▶ _Exercise brief_: The answer must consist solely of the lines from the one with "Yield ราว 6.1%" through the last line of the data, copied exactly, with no pictures.

▶ _Data section_:
★ ★ ★

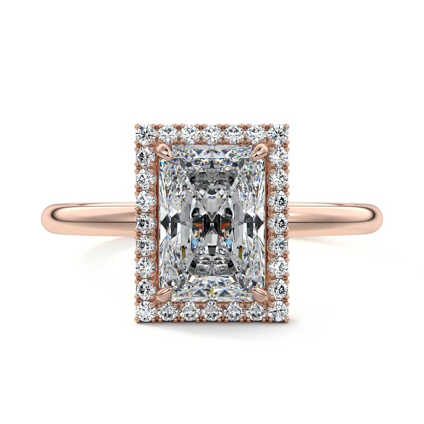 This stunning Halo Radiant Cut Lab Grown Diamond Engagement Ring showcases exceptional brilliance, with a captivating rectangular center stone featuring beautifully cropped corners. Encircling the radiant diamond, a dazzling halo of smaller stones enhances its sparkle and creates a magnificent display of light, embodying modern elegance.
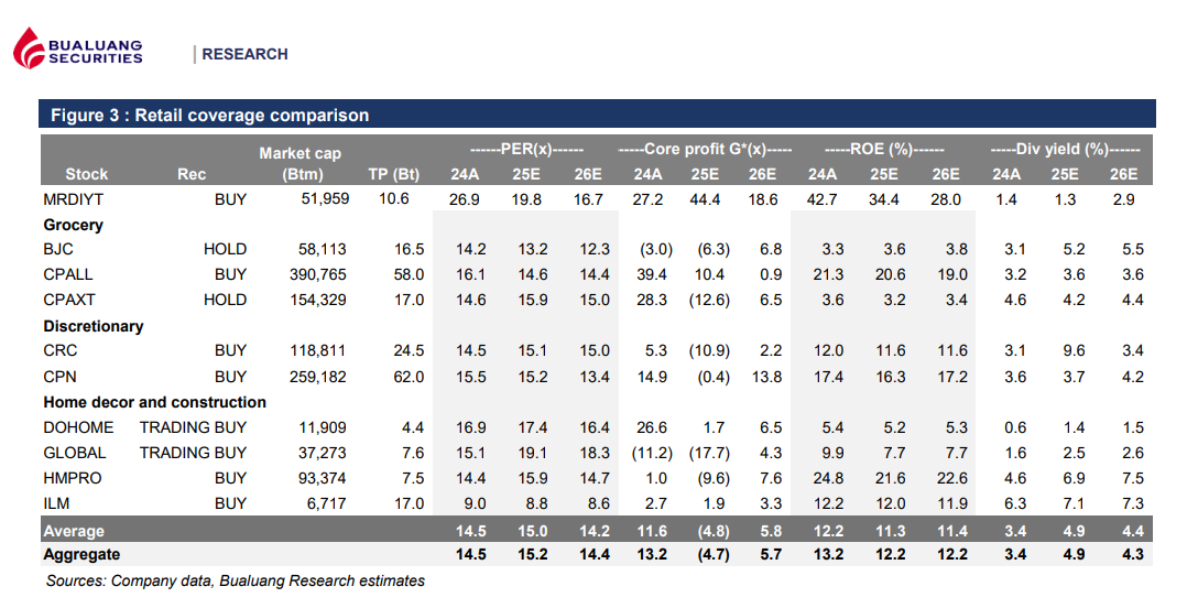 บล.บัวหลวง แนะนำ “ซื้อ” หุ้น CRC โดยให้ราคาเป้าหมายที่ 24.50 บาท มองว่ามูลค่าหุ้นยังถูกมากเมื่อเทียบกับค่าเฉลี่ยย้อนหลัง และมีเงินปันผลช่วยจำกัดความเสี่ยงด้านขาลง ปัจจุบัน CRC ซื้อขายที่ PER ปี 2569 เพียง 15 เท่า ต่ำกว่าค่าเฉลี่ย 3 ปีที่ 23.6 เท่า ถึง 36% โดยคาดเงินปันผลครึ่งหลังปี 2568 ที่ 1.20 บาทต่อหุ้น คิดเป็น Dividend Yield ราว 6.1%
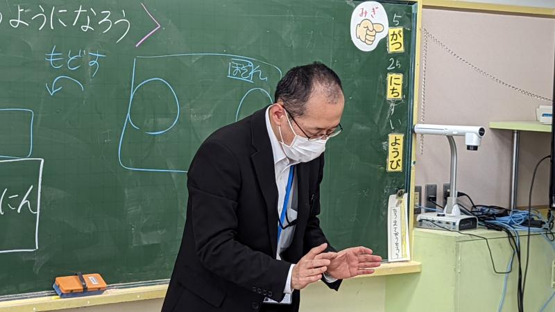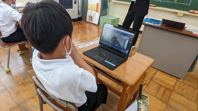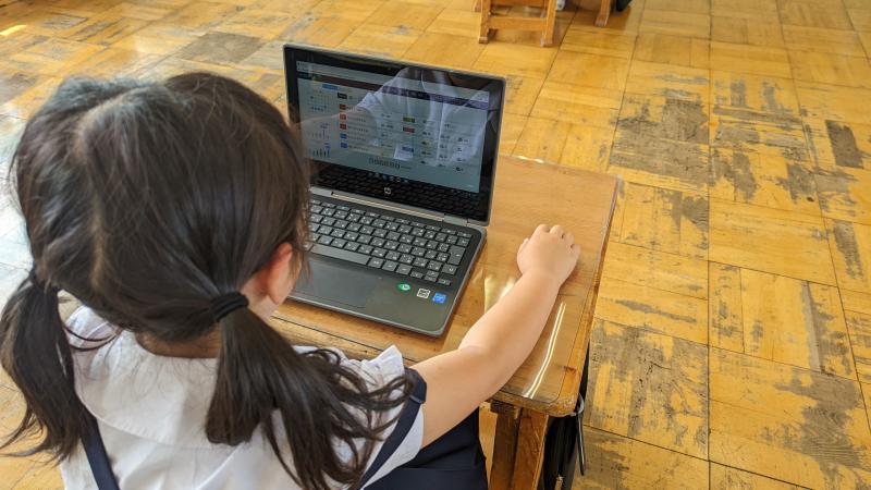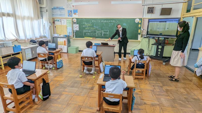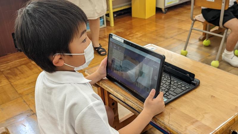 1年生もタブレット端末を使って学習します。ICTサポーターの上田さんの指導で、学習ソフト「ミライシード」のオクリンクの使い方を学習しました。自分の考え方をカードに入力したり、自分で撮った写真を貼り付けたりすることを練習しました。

★ ★ ★

▶ _Completed exercise_:
 บล.บัวหลวง แนะนำ “ซื้อ” หุ้น CRC โดยให้ราคาเป้าหมายที่ 24.50 บาท มองว่ามูลค่าหุ้นยังถูกมากเมื่อเทียบกับค่าเฉลี่ยย้อนหลัง และมีเงินปันผลช่วยจำกัดความเสี่ยงด้านขาลง ปัจจุบัน CRC ซื้อขายที่ PER ปี 2569 เพียง 15 เท่า ต่ำกว่าค่าเฉลี่ย 3 ปีที่ 23.6 เท่า ถึง 36% โดยคาดเงินปันผลครึ่งหลังปี 2568 ที่ 1.20 บาทต่อหุ้น คิดเป็น Dividend Yield ราว 6.1%
 1年生もタブレット端末を使って学習します。ICTサポーターの上田さんの指導で、学習ソフト「ミライシード」のオクリンクの使い方を学習しました。自分の考え方をカードに入力したり、自分で撮った写真を貼り付けたりすることを練習しました。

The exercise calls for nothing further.